C’est à travers l’analyse de quelques récits de vie sanatoriale publiés ainsi que de six entrevues réalisées avec des ex-patients que l’auteure a pu explorer l’expérience vécue par les tuberculeux hospitalisés. Quelques réserves sont à émettre sur l’usage de ces sources. Les auteurs des récits de vie sanatoriale et les ex-patients interviewés proviennent de milieux aisés ou ont participé à la lutte antituberculeuse, ce qui colore nécessairement leurs perceptions. Une majorité d’entre eux ont d’ailleurs été hospitalisés au sanatorium du Lac Édouard, un établissement bien différent des autres sanatoriums puisque destiné surtout à une clientèle aisée. Il se trouve que la majeure part de la clientèle des sanatoriums était issue des milieux populaires. De même, les femmes ne sont représentées que par une infirmière, une ex-administratrice de sanatorium et une religieuse, ce qui est bien loin de l’employée de manufacture.
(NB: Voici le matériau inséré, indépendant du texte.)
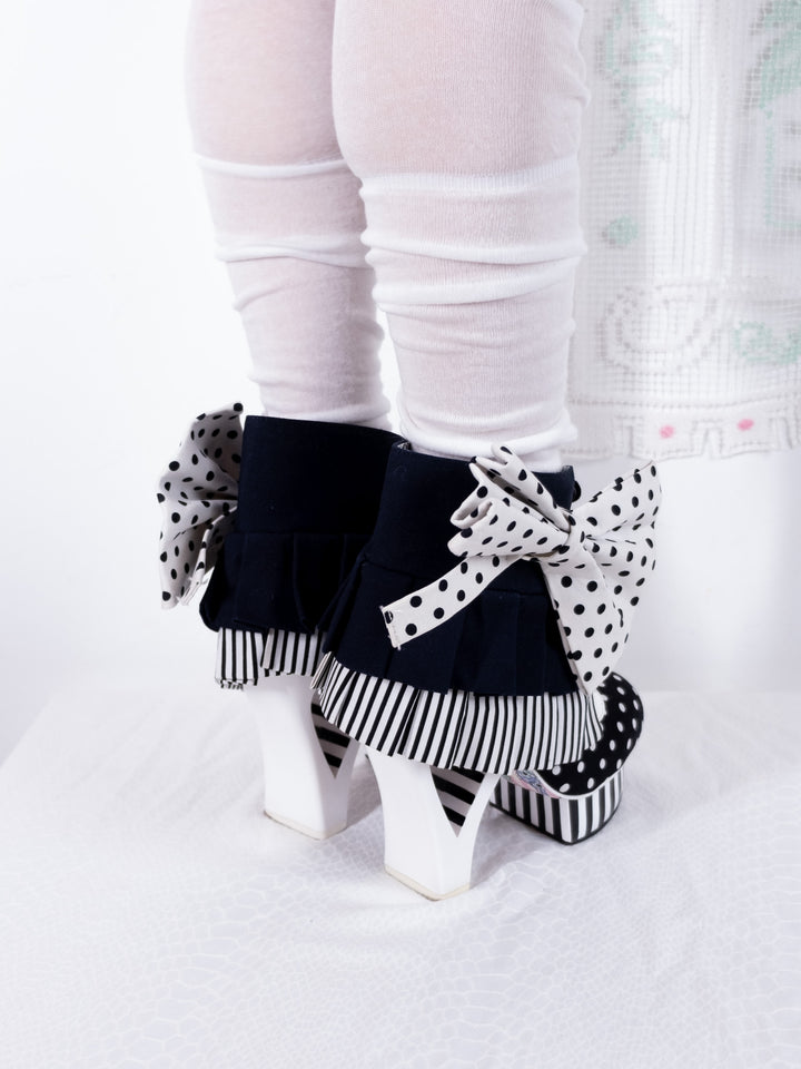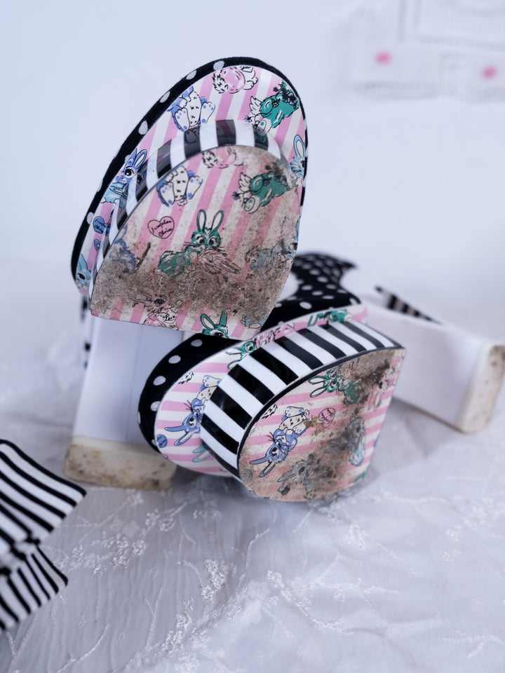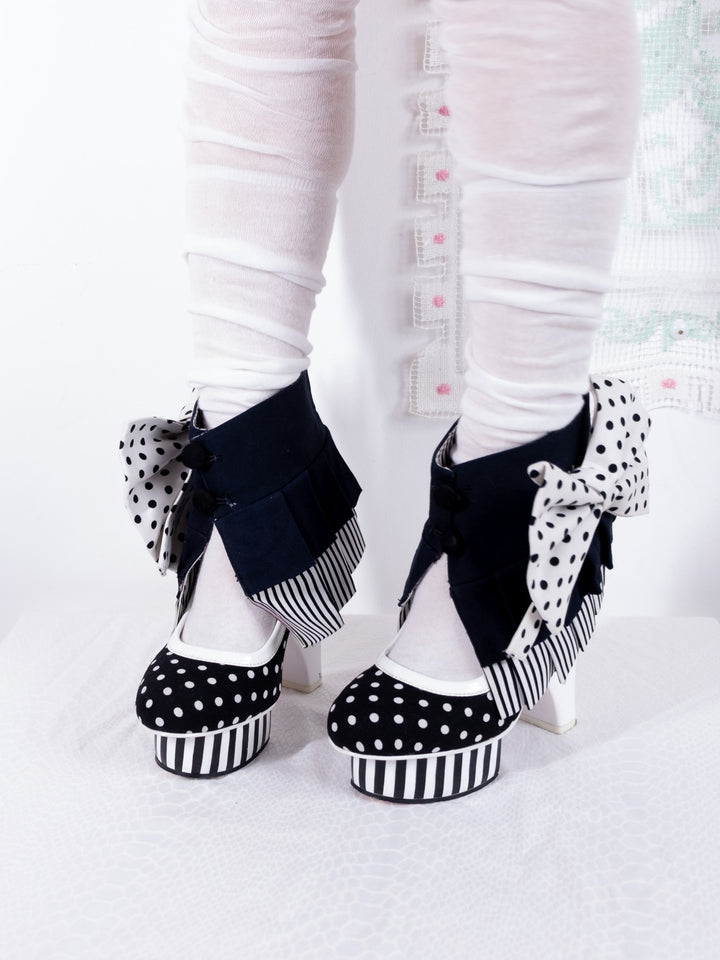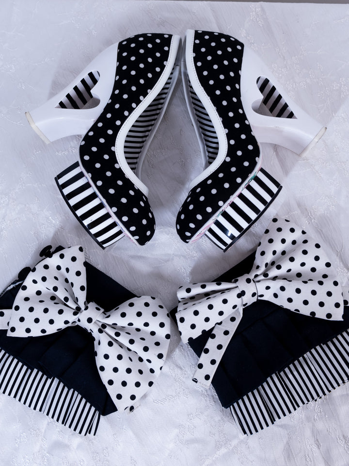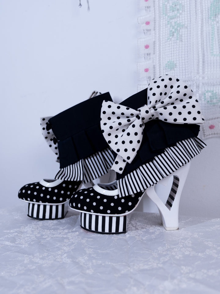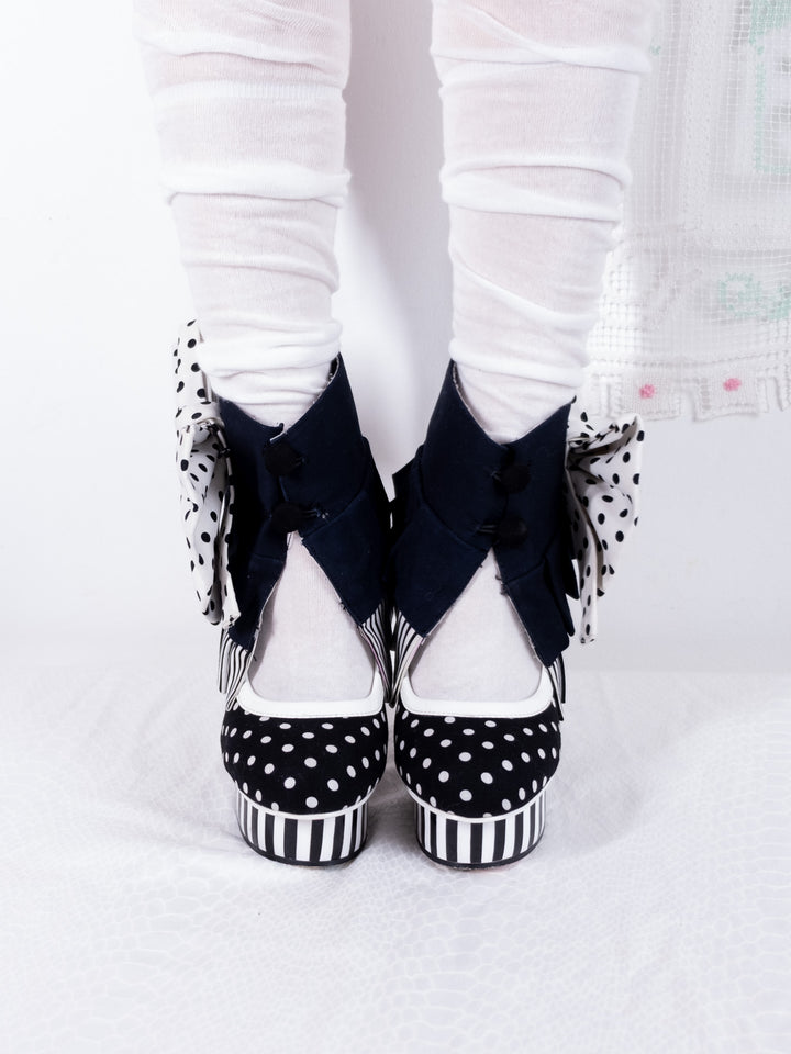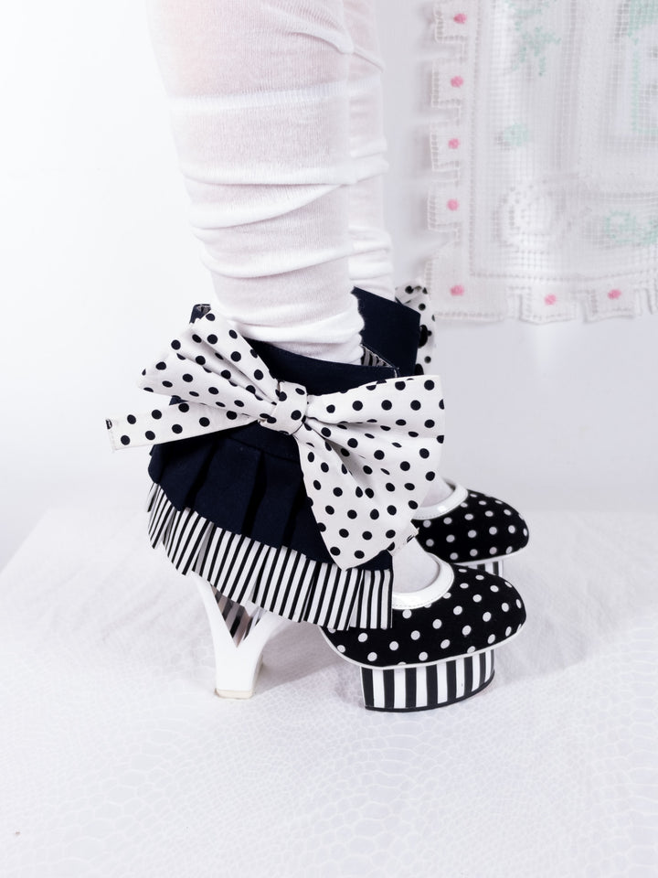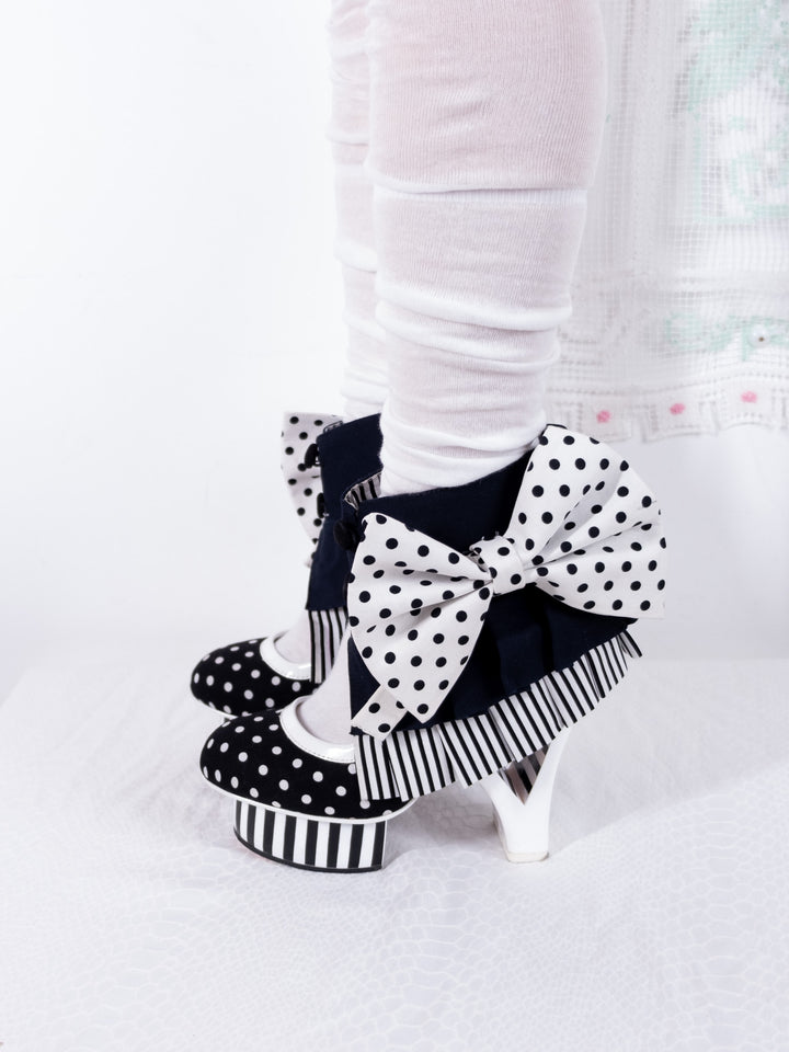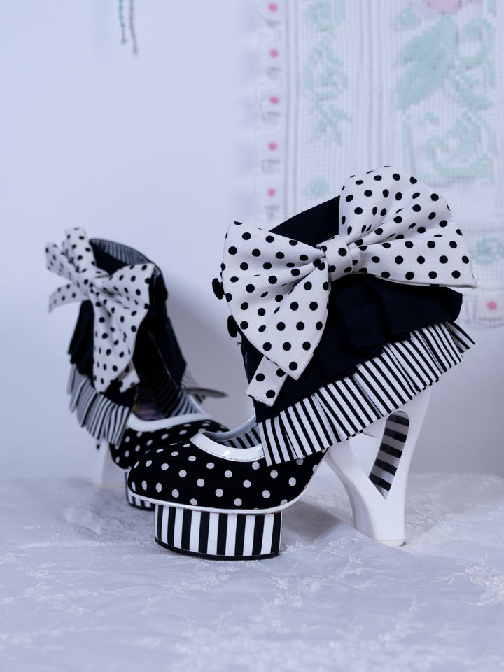 IRREGULAR CHOICE EU38 BLACK AND WHITE POLKA DOT BOW HEELS
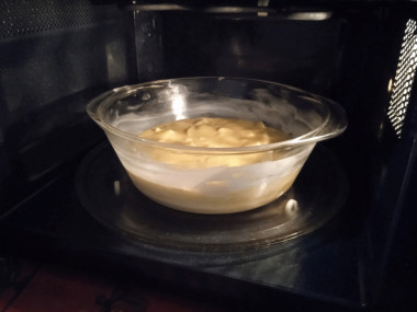 Я использовала микроволновку только для разогрева и размораживания продуктов. А оказывается ещё и печь можно, я была приятно удивлена. У нас в общежитии духовки нет, поэтому выпечку только покупали. Вчера вечером приготовила шарлотку по этому рецепту и.... получилось!) Яблок дома не было, поэтому использовала банан. И ещё одно, после тго как вынула шарлотку из микроволновки, я смазала её сверху сливочным маслом , накрыла полотенцем, через минут 15 она стала ещё красивей! Всем советую попробывать.

Or, le Québec avait cette particularité en Occident au XXe siècle de compter plus de victimes de la tuberculose chez les femmes que chez les hommes. Dans une société où le genre représentait une ligne de partage déterminante à bien des égards, il est vraisemblable que la vie sanatoriale ait été perçue différemment par les hommes et les femmes. L’auteure avertit le lecteur de certains de ces biais, mais nous estimons que son analyse même n’en tient pas suffisamment compte. En somme, si cet ouvrage possède cette rare qualité de donner voix aux patients, il ne donne voix qu’aux plus aisés d’entre eux ou à ceux qui ont participé à la lutte antituberculeuse, c’est-à-dire à une minorité dont l’expérience sanatoriale et les perceptions sont vraisemblablement distinctes de celles de la masse des tuberculeux. Cette réserve exprimée, la lecture du livre de Louise Côté s’avère fructueuse pour ceux qu’intéresse l’histoire de la santé publique ou l’anthropologie médicale, et certains des matériaux présentés, en particulier les extraits de lettres envoyées au ministère de la Santé, aident à lever le voile sur des réalités peu connues.